Farida Amadou : Dubnobasswithmyheadwoman ! (#IWD 5/10)
« Je suis dans le train et je ne descends pas » avise Farida Amadou en s’apprêtant à gravir la longue volée d’escaliers qui relie l’entrée de Bozar à la rue Royale. Enoncée à la manière d’un épilogue, elle met fin à la conversation que l’on vient de nouer en cette fin d’après-midi glaciale et brumeuse de janvier. Pour abrupte qu’elle sonne, cette phrase résume pourtant à merveille la démarche de cette musicienne qui présente « In-Between », à quelques encablures de là, aux Musées royaux des Beaux-Arts de Belgique.
Cette installation audiovisuelle est conçue selon deux axes. Un écran occupant tout un pan de mur diffuse des images que Farida a saisies sur le vif par les fenêtres des trains en marche. En avant-plan, de longues cordes métalliques de piano tendues relient de bout à bout deux panneaux d’acier sur lesquels des micros contacts ont été placés. Le visiteur est invité à titiller, à pincer les cordes qui émettent des sons amplifiés. Le parallélisme renvoie inévitablement à celui des rails du chemin de fer. Commissionnée pour l’exposition Europalia « Trains & Tracks », la pièce trouve ici sa pleine dimension narrative et symbolique. Les images rappellent, malgré elles, le travail du photographe Bernard Plossu qui a souvent privilégié le voyage en train pour ses prises de vue.
«Son travail aux Beaux-Arts dégage une aura à la fois musicale et plastique très forte.»
C’est la première fois que Farida s’essaye à cet exercice. Un travail de longue haleine car il a fallu collecter les images, recueillir des sons et monter le dispositif. C’est surtout pour cette dernière étape qu’elle a pu compter sur l’aide de Pavel Tchikov, complice musicien et concepteur sonore avec qui elle avait déjà collaboré dans le passé.
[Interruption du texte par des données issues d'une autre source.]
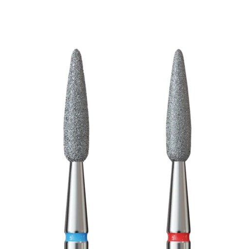 Frezy diamentowe (243R.524.018-021) ze standardowym nasypem są idealne do pierwszego etapu opracowywania skórek.
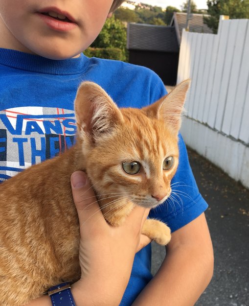 Liten og tynn, sikkert bare noen mnd gammel. Veldig tam og trygg.
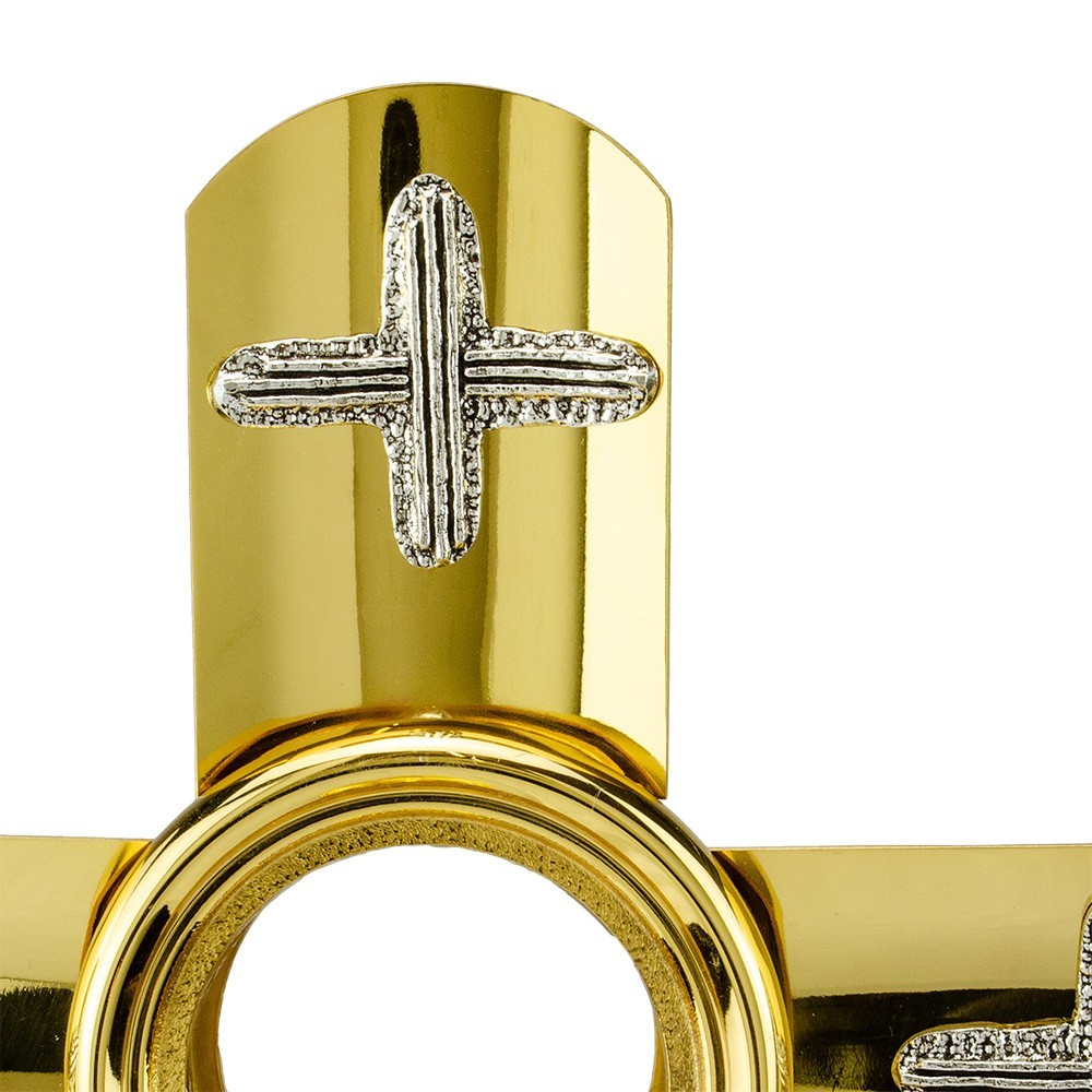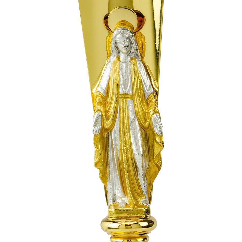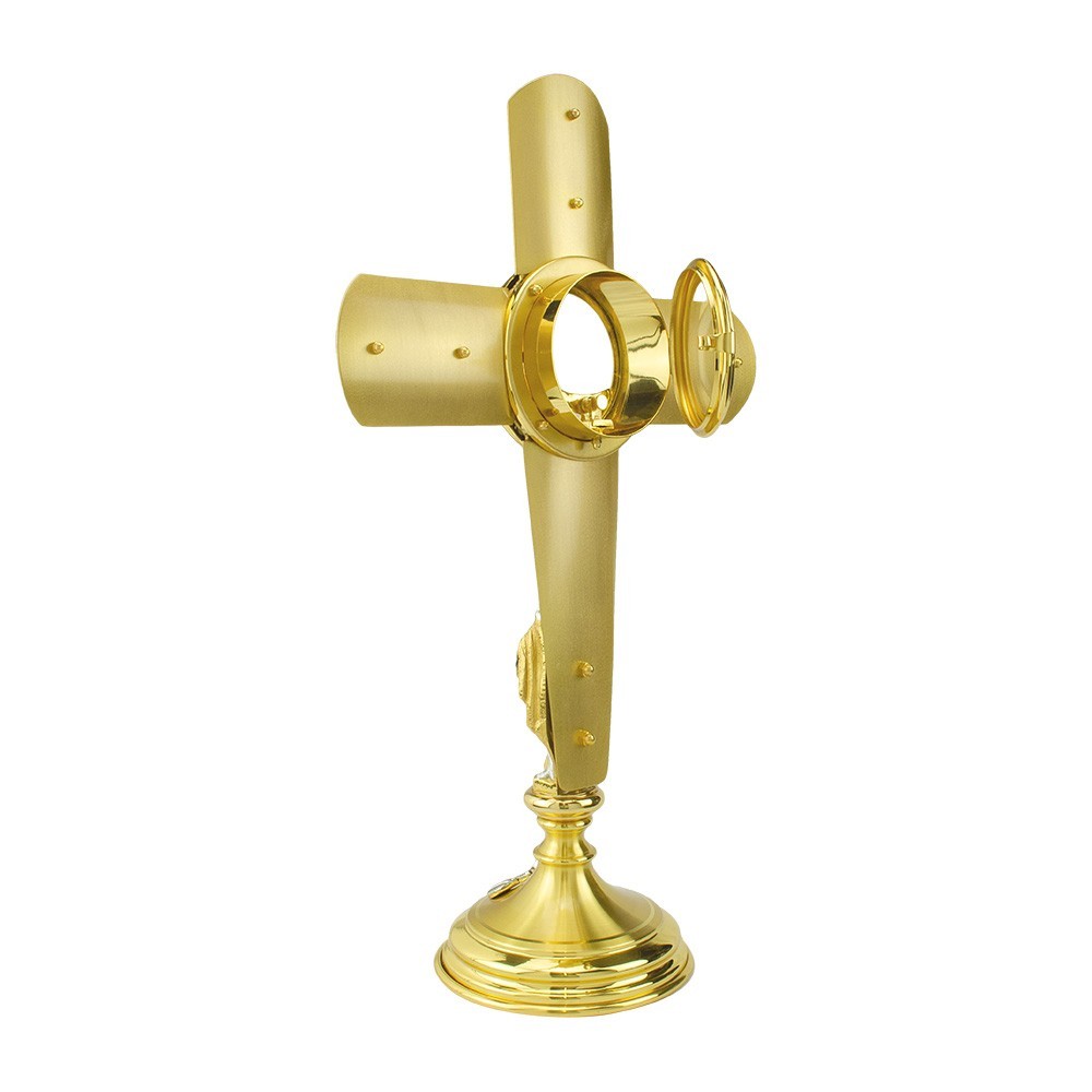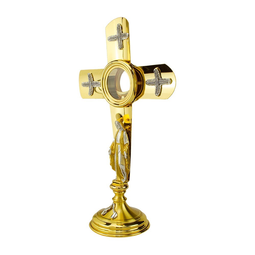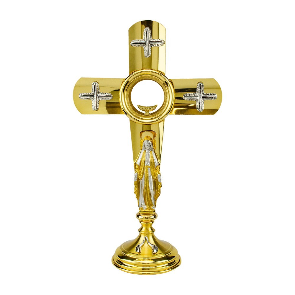 Ostensorio eucaristico, arredo sacro realizzato interamente in ottone bicolore e decorato artigianalmente. Sulla colonna è posta la riproduzione della Vergine Maria. La croce dorata è impreziosita da tre croci argentate finemente decorate.

Commentant son œuvre, elle explique qu’au départ les cordes métalliques devaient être beaucoup plus longues, mais cela s’est avéré impossible à installer dans le musée pour des raisons liées au lieu et à ses contingences. Qu’à cela ne tienne, même ramené à des proportions réduites, le travail dégage une aura à la fois musicale et plastique très forte.
Si Farida Amadou demeure assez discrète sur sa vie familiale, elle est davantage diserte sur sa vie de musicienne. Ses premiers pas se sont accomplis à Liège où elle accompagnait, comme bassiste, des sessions de jam au Blues-sphere dans le quartier d’Outremeuse. Après avoir œuvré au sein de l’Œil Kollectif et enregistré quelques cd au sein du duo Nystagmus avec Tom Malmendier, elle a pris ses marques, multipliant les rencontres et les collaborations. Elle a tenu la basse au sein du combo post-punk Cocaïne Piss tandis qu’elle a joué, entre autres, avec la violoniste Cécile Broché, le trompettiste Timothée Quost, le batteur Steve Noble et, plus récemment le clarinettiste Yoni Silver et le saxophoniste Chris Pitsiokos.
«Farida n’a eu de cesse de travailler sa technique, sa faconde sonore, passant inlassablement de longues heures avec et sur son instrument.»
Parallèlement, Farida n’a eu de cesse de travailler sa technique, sa faconde sonore, passant inlassablement de longues heures avec et sur son instrument. Que de chemin parcouru depuis son premier concert solo à l’occasion du solstice d’été 2018 dans le petit village de Fontin jusqu’à son apparition en novembre dernier sur la grande scène de l’Ancienne Belgique, en ouverture de Thurston Moore, devant plus d’un millier de personnes ! Elle nous confesse que Thurston est resté assis à l’écouter sur une chaise dans les coulisses de la scène… Son premier album sous son nom civil, « 00:29:10:02 », a vu le jour au cours du premier confinement. Il vient d’être réédité en cassette sur le micro-label Autogenesis.
«Musicienne industrieuse et talentueuse, elle est également une femme du monde, nomade et talentueuse.»
Musicienne industrieuse et talentueuse, Farida Amadou est également une femme du monde, nomade et curieuse. Le chemin qu’elle a emprunté pour nous révéler son art est pluriel. Il est constitué d’une multitude de voies dont elle n’hésite pas à quitter les rails quand le besoin s’en fait sentir. Ce n’est que pour mieux reprendre le chemin après, tel un train en marche qui jamais ne s’arrête.